Polynucleotides Encoding Canine Cancer Antigens Polynucleotides encoding the antigenic peptides disclosed herein are provided. These polynucleotides include DNA sequences, cDNA sequences, and RNA sequences encoding antigens.

Methods for manipulating and inserting nucleic acids of the present disclosure into vectors are well known in the art (e.g., Sambrook et al., Molecular Cloning, a Laboratory Manual, 2nd edition, Cold Spring Harbor Press, Cold Spring Harbor, N.Y.; 1989, and Ausubel et al., Current Protocols in Molecular Biology, Greene Publishing Associates and John Wiley & Sons, New York, N.Y., 1994).

Nucleic acids encoding antigenic peptides can be prepared using in vitro methods such as polymerase chain reaction (PCR), ligase chain reaction (LCR), transcription-based amplification system (TAS), self-sustaining sequence replication system (3SR), and QP replicase amplification system (QB). It can be cloned or amplified by various methods. For example, polynucleotides encoding proteins can be isolated by polymerase chain reaction of cDNA using primers based on the DNA sequence of the molecule. A wide variety of cloning and in vitro amplification methods are well known to those skilled in the art. PCR methods are described, for example, in U.S. Pat. No. 4,683,195; Mullis et al., Cold Spring Harbor Symp. Quant. . Polynucleotides can also be isolated by screening genomic or cDNA libraries with probes selected from the sequence of the desired polynucleotide under stringent hybridization conditions.

Antigen-encoding polynucleotides can be incorporated into vectors and autonomously replicating plasmids or viruses, or integrated into the genomic DNA of prokaryotes or eukaryotes, or present as separate molecules (e.g. cDNA) independent of other sequences. Contains recombinant DNA that The nucleotides can be ribonucleotides, deoxyribonucleotides, or modified forms of either nucleotide. This term includes single and double forms of DNA.

DNA sequences encoding antigens can be expressed in vitro by introducing the DNA into suitable host cells. Cells may be prokaryotic or eukaryotic. The term also includes any progeny of the host cell of interest. It will be appreciated that not all progeny will be identical to the parent cell, as there may be mutations that occur during replication. Methods of stable introduction, meaning that the foreign DNA is continuously maintained within the host, are known in the art.

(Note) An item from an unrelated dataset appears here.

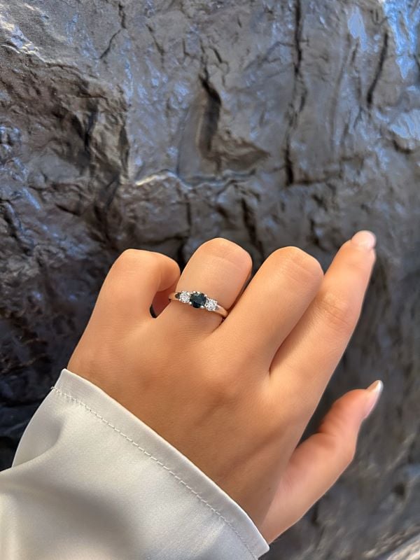 Be the first to review “De Beers Forevermark and Ceylon Blue Sapphire Trilogy Ring in 18K White Gold”

A polynucleotide sequence encoding an antigen can be operably linked to expression control sequences. Expression control sequences operably linked to a coding sequence are ligated in such a way that expression of the coding sequence is achieved under conditions compatible with the expression control sequences. Expression control sequences include, but are not limited to, appropriate promoters, enhancers, transcription terminators, initiation codons (e.g., ATG) in front of protein-coding genes, intron splicing signals, and others that enable proper translation of the mRNA. This includes maintaining the correct reading frame of the gene, and a stop codon.

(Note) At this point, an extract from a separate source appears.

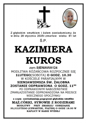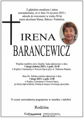 Podhale24.pl zastrzega sobie prawo do nie publikowania wspomnień, w szczególności tych nie związanych z profilem działu nekrologi, zawierających wulgaryzmy, wzywających do zachowań niezgodnych z prawem, obrażających osoby publiczne i prywatne, obrażających inne narodowości, rasy, religie itd, oraz te, bez możliwości telefonicznej lub mailowej weryfikacji ich autora.

Hosts include microorganisms, yeast, insects and mammals.

Methods for expressing DNA sequences with eukaryotic or viral sequences in prokaryotes are well known in the art. Non-limiting examples of suitable host cells include bacteria, archaea, insects, fungi (eg, yeast), plants, and animal cells (eg, mammalian cells such as canine cells). Exemplary cells of use include Escherichia coli, Bacillus subtilis, Saccharomyces cerevisiae, Salmonella typhimurium, SF9 cells, C129 cells, 293 cells, Neurospora ( neurospora), immortalized mammalian bone marrow cell lines, and lymphoid cell lines. Techniques for growing mammalian cells in culture are well known (see Jakoby and Pastan (eds.), 1979, Cell Culture. Methods in Enzymology, Volume 58, Academic Press, Inc., Harcourt Brace Jovanovich, N.Y.). . Examples of commonly used mammalian host cell lines are VERO and HeLa cells, CHO cells, WI38 cell lines, BHK cell lines, and COS cell lines; Cell lines can be used, such as cells engineered to provide these characteristics.

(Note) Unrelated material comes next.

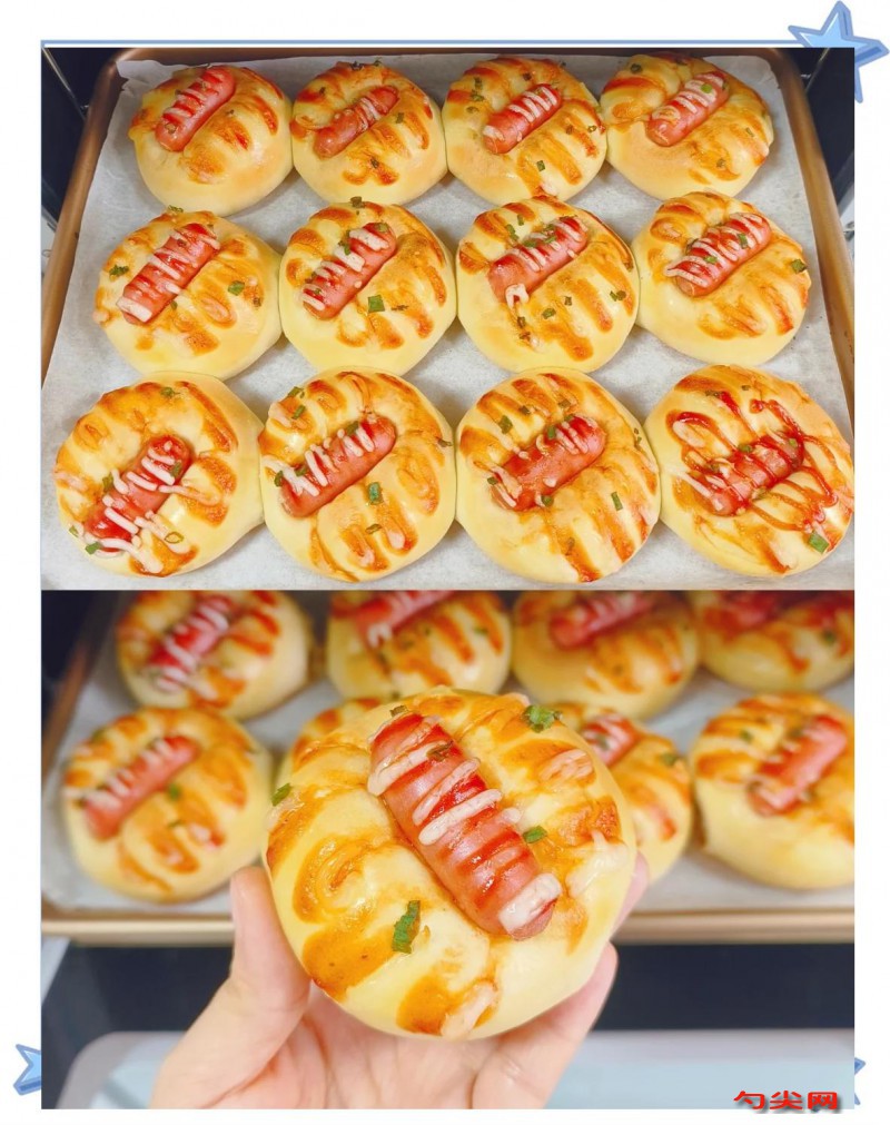 工藝:將3克佳多美Q型與500克高筋面粉干拌均勻,5克酵母粉用少量溫牛奶溶解,50克白砂糖、5克鹽加入200克牛奶中攪拌至融化,把溶解后的酵母水和牛奶糖鹽水倒入混合好的面粉中,再加入1個雞蛋,攪拌成面絮后開始揉面,揉至面團稍具筋性時加入40克黃油,繼續揉面至能拉出薄膜的擴展階段,將1.5克美久亭Q型用數倍涼開水溶解后均勻倒入面團中,揉勻,把面團整理好密封,放入醒發箱,溫度38度,濕度75,醒發至兩倍大,將醒發好的面團放在案板上揉壓排氣,分成大小均勻的12個劑子,每個劑子約80克,將劑子滾圓,蓋上保鮮膜松弛15分鐘,取一個松弛好的劑子,搟成橢圓形,從上往下卷起來,搓成長條,將長條繞在香腸上,兩端捏緊,放在烤盤上,將烤盤放入醒發箱,溫度38度,濕度75,再次醒發至1.5倍大,在醒發好的腸仔包表面刷一層全蛋液,擠上適量番茄醬和沙拉醬,撒上蔥花,將烤箱提前預熱至180度,放入烤盤,烤15-20分鐘,至表面金黃即可出爐。

Transformation of host cells with recombinant DNA can be performed by conventional techniques well known to those skilled in the art. If the host is a prokaryote, such as, but not limited to, E. coli, competent cells capable of DNA uptake are prepared from cells harvested after the logarithmic growth phase, followed by procedures well known in the art. can be treated by the CaCl2 method using Alternatively, MgCl2 or RbCl can be used. Transformation can also be carried out after forming host cell protoplasts, if desired, or by electroporation.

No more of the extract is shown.